FORMWORK
GEORGE CHARMAN & TOM HACKNEY
4 November - 3 December 2016
The concrete of modern buildings and infrastructures does not exist prior to the arrival of the constituent ingredients, cement, sand, aggregate, steel, at one place - a building site, or a casting factory - and it is only at the moment when human labour combines them together that they become concrete. In this respect, concrete can be more accurately described as a process than as a material.
Adrian Forty, Concrete and Culture, 2012
FORMWORK inaugurates a series of two-person exhibitions hosted by dalla Rosa with the aim of creating a dialogue between artists that have not previously worked together but share similar interests and influences. George Charman and Tom Hackney are both based in London and have been exploring the possibilities of concrete while developing other sides of their practices, specifically drawing (Charman) and painting (Hackney). The fascination with materials and processes is a clear trait d’union that runs through their work, together with an interest in perception modelled on grids and repetition.
A dynamic exchange between thinking and making is central in Hackney’s work. Having initially trained as a painter, Hackney’s practice has developed a multidisciplinary approach to making, as shaped by the conceptual forces behind the work. Works align by a shared logic which reveals itself in geometry and through methodical application. Whilst the role of the hand can appear remote, that the works are handmade is a key in maintaining this core exchange.
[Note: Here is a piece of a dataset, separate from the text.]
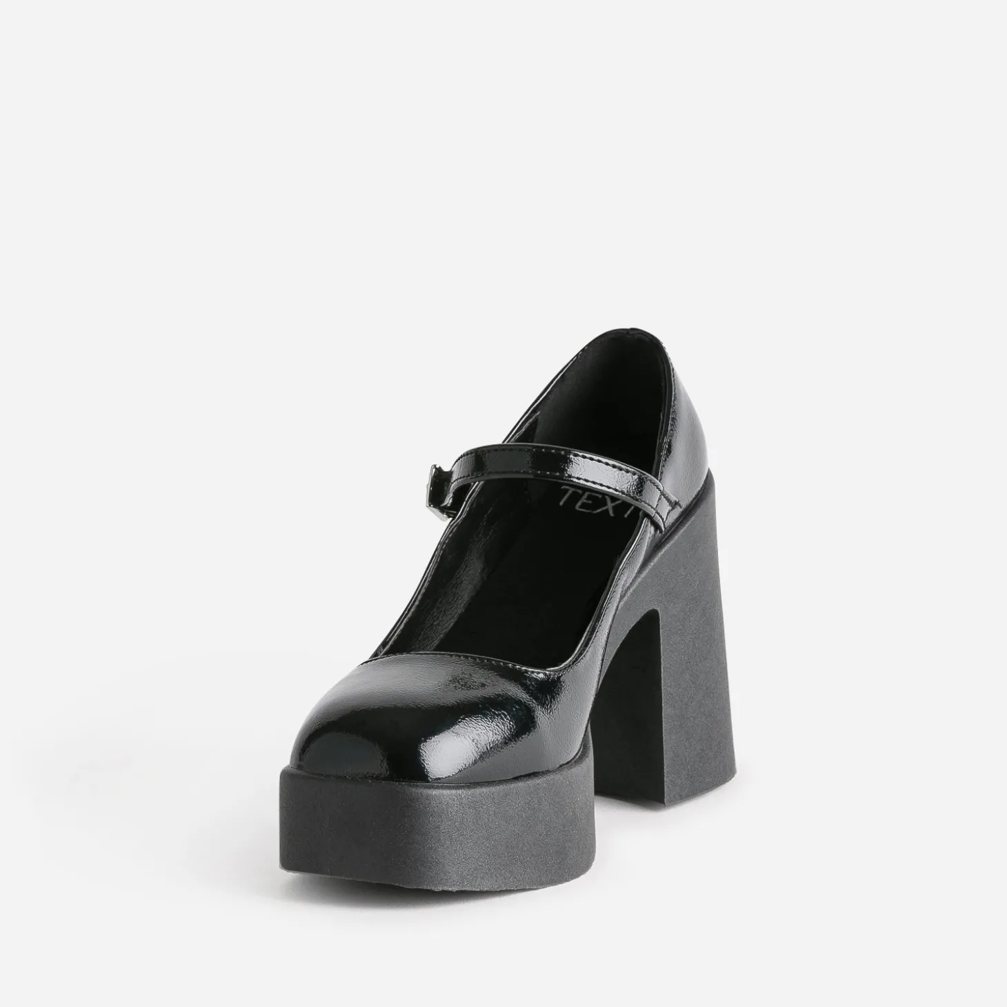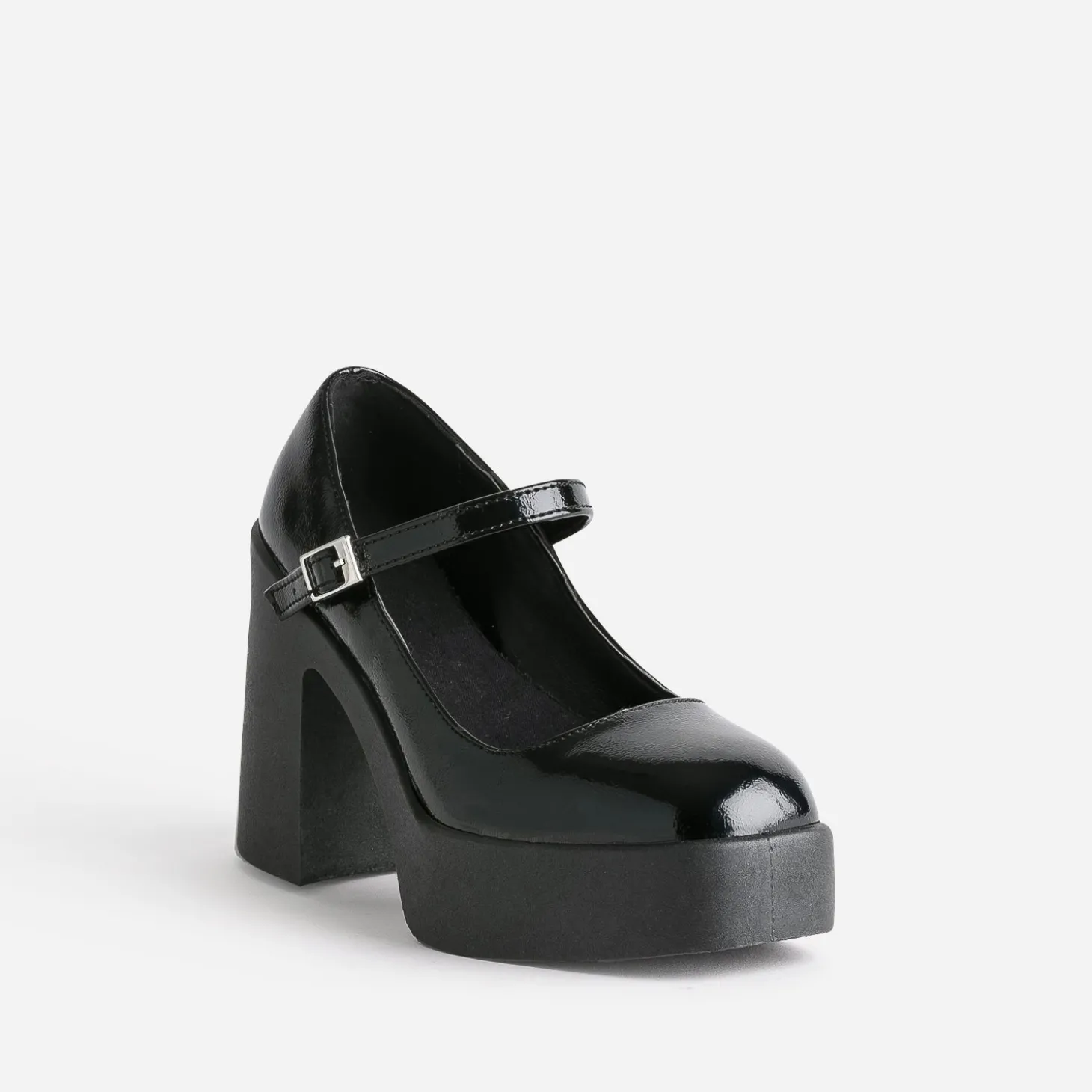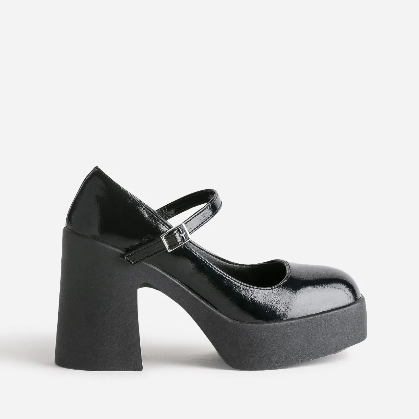 La tendance est au style rétro. La tendance est à la semelle épaisse. La tendance est aux couleurs sobres. Cette babies pour femme coche toutes les cases, pour vous séduire. En matière synthétique noire, elle se démarque par une finition vernie et se ferme par une fine bride à boucle. elle est montée sur une semelle ton sur ton à plateforme, 10,5 cm à l’arrière et 3 cm sur le patin avant. Privilégiez-la, dès l’arrivée du printemps.
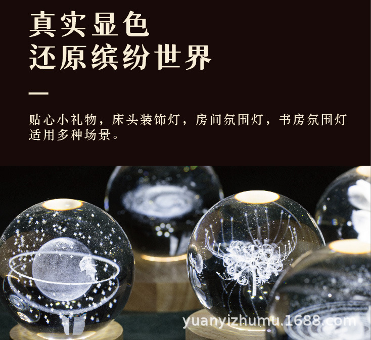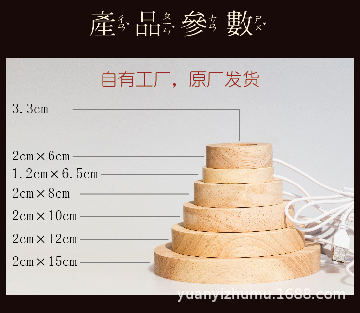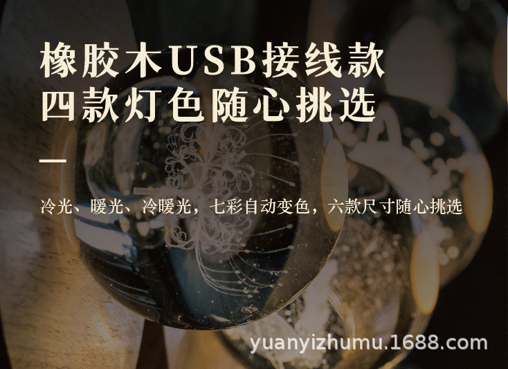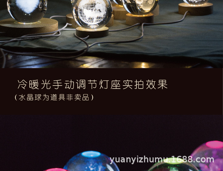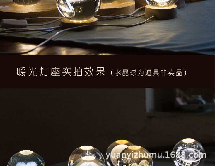 圆形实木发光底座LED小夜灯香薰扩香石灯座水晶球底座工艺品摆件

The works are typically generated in response to specific historical material encountered in the process of making, researching and reflecting, often incorporating pre-existing forms, structures and art-historical narratives which are recreated, replayed and restaged as a means of exploring more contemporary stakes.
Charman’s drawings, sculptures and site responsive installations often employ as a framework the structure of the Isometric grid. Isometric projection presents linear axes that appear equally foreshortened, suggesting a dynamic interrelation and equality of space and form unaffected by perspectival proximity. Isometric projection centers the viewer at all points without focusing on any one predominant convergence. Instead, an unfocused yet fundamental peripheral vision suggests multiple non-determinate points of interaction and enquiry.
Through the intersection of horizontal and vertical planes or screens (both real and pictorial), of varying material, scale and opacity, Charman delineates the grid into a series of recesses and subdivisions that draws the senses and the body towards intimate encounters between planes. Dwelling spaces open up activated by the body, suggesting a preconscious physical engagement with objects, not as they are, but as we are in relation to them.
About the Artists
George Charman studied at Surrey Institute of Art and Design and Royal College of Art. He is a lecturer in Fine Art at University for the Creative Arts and visiting lecturer at West Dean College. He was the recipient of a number of awards including: Acme Fire Station Live/work residency 2010/15, Gerald Moore Gallery Artist in residence 2015/17, shortlisted for the Mark Tanner Sculpture Prize and the Soho Sculpture Prize (2014), and 2nd prize at Jerwood Drawing Prize 2009.
Tom Hackney studied at Manchester Metropolitan University and Goldsmiths in London. He has extensively shown in Europe and United States, most recently at Francis Naumann Fine Art (New York) and the World Chess Hall of Fame, St. Louis, presenting his solo exhibition Corresponding Squares: Painting the Chess Games of Marcel Duchamp. Other solo exhibitions include Suspended Belief (The Castlefield Gallery, Manchester), MINERALS (Ambacher Contemporary, Munich), Constellar Relations (Untitled Gallery, Manchester), Tremors (BreeseLittle, London).